British physicist and popular science author (born 1964)

Simon Lehna Singh, (born 19 September 1964) is a British popular science author and theoretical and particle physicist. His written works include Fermat's Last Theorem (in the United States titled Fermat's Enigma: The Epic Quest to Solve the World's Greatest Mathematical Problem), The Code Book (about cryptography and its history), Big Bang (about the Big Bang theory and the origins of the universe), Trick or Treatment? Alternative Medicine on Trial (about complementary and alternative medicine, co-written by Edzard Ernst) and The Simpsons and Their Mathematical Secrets (about mathematical ideas and theorems hidden in episodes of The Simpsons and Futurama). In 2012 Singh founded the Good Thinking Society, through which he created the website "Parallel" to help students learn mathematics.

Singh has also produced documentaries and works for television to accompany his books, is a trustee of the National Museum of Science and Industry, a patron of Humanists UK, founder of the Good Thinking Society, and co-founder of the Undergraduate Ambassadors Scheme.

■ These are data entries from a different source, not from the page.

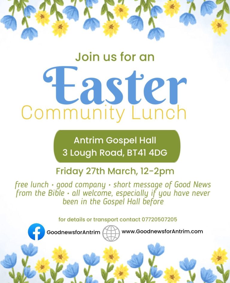 Looking forward to our Easter/Christmas COMMUNITY LUNCH in the Gospel Hall, 3 Lough Road, Antrim BT414 4PA on Friday 27th March, 12noon - 2pm.
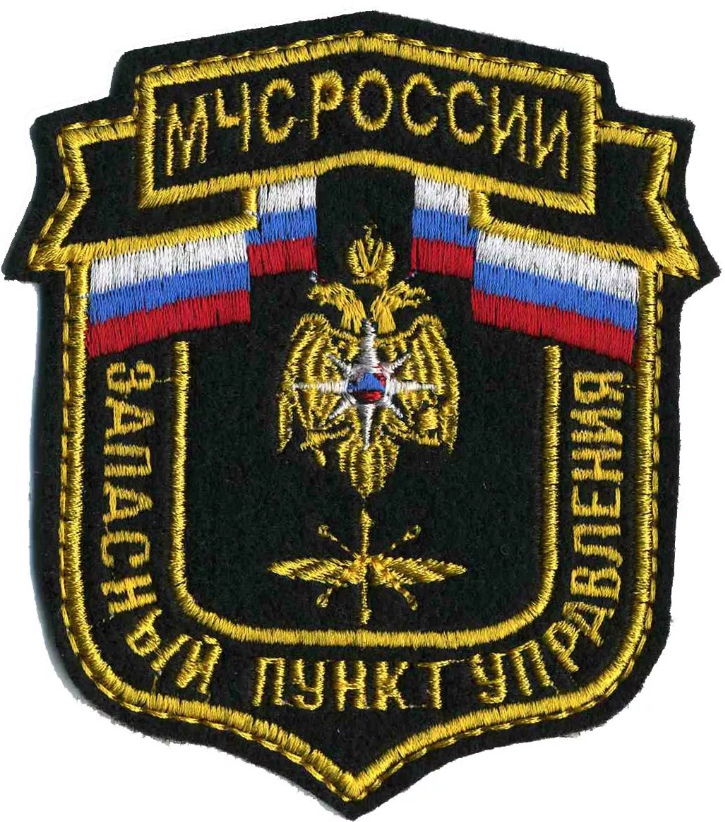 Нашивка изображает эмблему МЧС России (Министерства Российской Федерации по делам гражданской обороны, чрезвычайным ситуациям и ликвидации последствий стихийных бедствий). В центре нашивки изображен двуглавый орел – государственный символ России, выполненный золотой нитью. На груди орла – щит с изображением Георгия Победоносца, поражающего змея. Вокруг орла – ленты в цветах российского флага: белой, синей и красной. В верхней части нашивки надпись "МЧС РОССИИ", а в нижней – "ЗАПАСНОЙ ПУНКТ УПРАВЛЕНИЯ". Нашивка выполнена на темно-синем фоне с золотой окантовкой. Материал – вышивка на ткани.
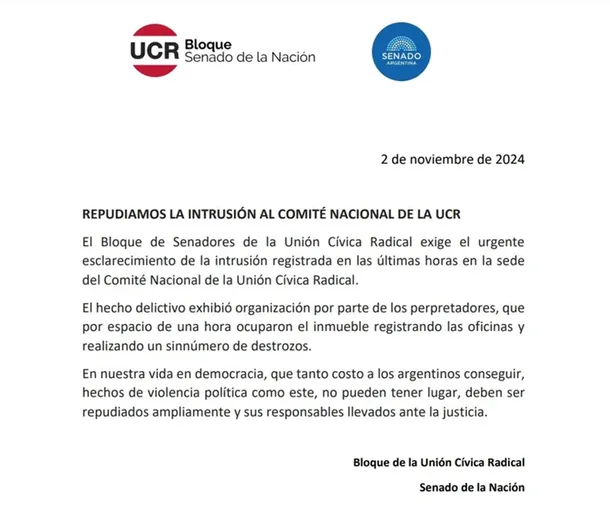 ‘El Bloque de Senadores de la Unión Cívica Radical exige el urgente esclarecimiento de la intrusión registrada en las últimas horas en la sede del Comité Nacional de la Unión Cívica Radical’, comienza el comunicado difundido este sábado.
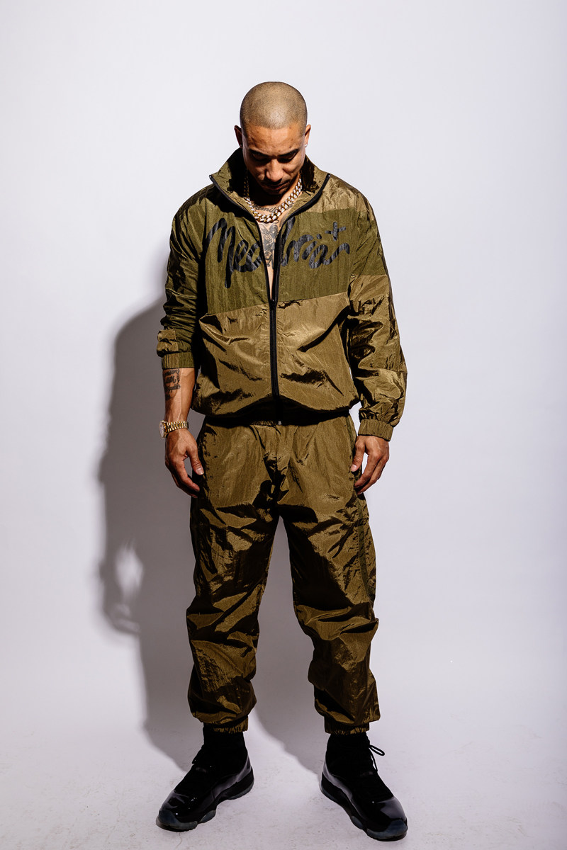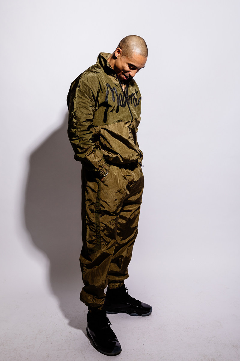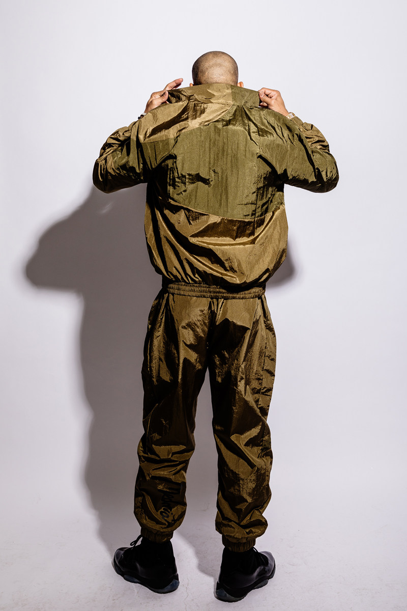 green jacket and green trousers
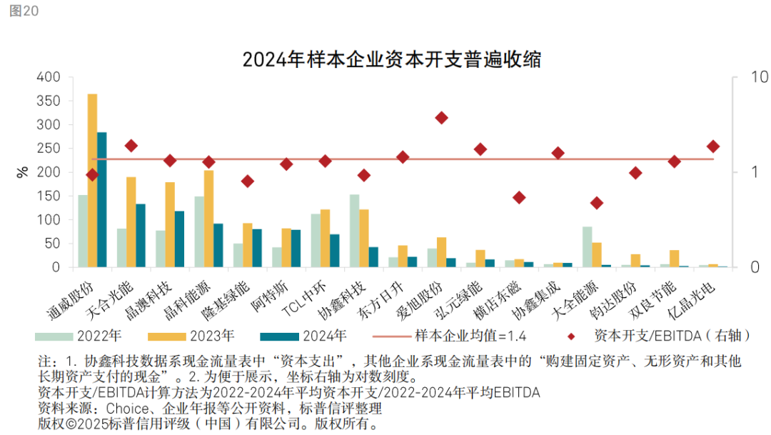 光伏行业为重资产属性,企业长期维持高资本开支,2024年盈利与EBITDA恶化导致行业资本开支显著收缩,但部分企业仍保持高开支刚性。此类企业抗风险能力较弱,易受技术路线失误、高杠杆、融资约束及现金流承压等多重压力,更易陷入流动性危机。

==Early life and education==
Singh was born in a Sikh family to parents who emigrated from Punjab, India to Britain in 1950. He is the youngest of three brothers, his eldest brother being Tom Singh, the founder of the UK New Look chain of stores. Singh grew up in Wellington, Somerset, attending Wellington School, and went on to Imperial College London, where he studied physics. He was active in the student union, becoming President of the Royal College of Science Union. Later he completed a PhD in particle physics at the University of Cambridge as a postgraduate student of Emmanuel College, Cambridge while working at CERN, Geneva.

==Career==
In 1983, he was part of the UA2 experiment in CERN.
In 1987, Singh taught science at The Doon School, an independent all-boys' boarding school in India. In 1990 Singh returned to England and joined the BBC's Science and Features Department, where he was a producer and director working on programmes such as Tomorrow's World and Horizon. Singh was introduced to Richard Wiseman through their collaboration on Tomorrow's World. At Wiseman's suggestion, Singh directed a segment about politicians lying in different mediums, and getting the public's opinion on whether the person was lying or not.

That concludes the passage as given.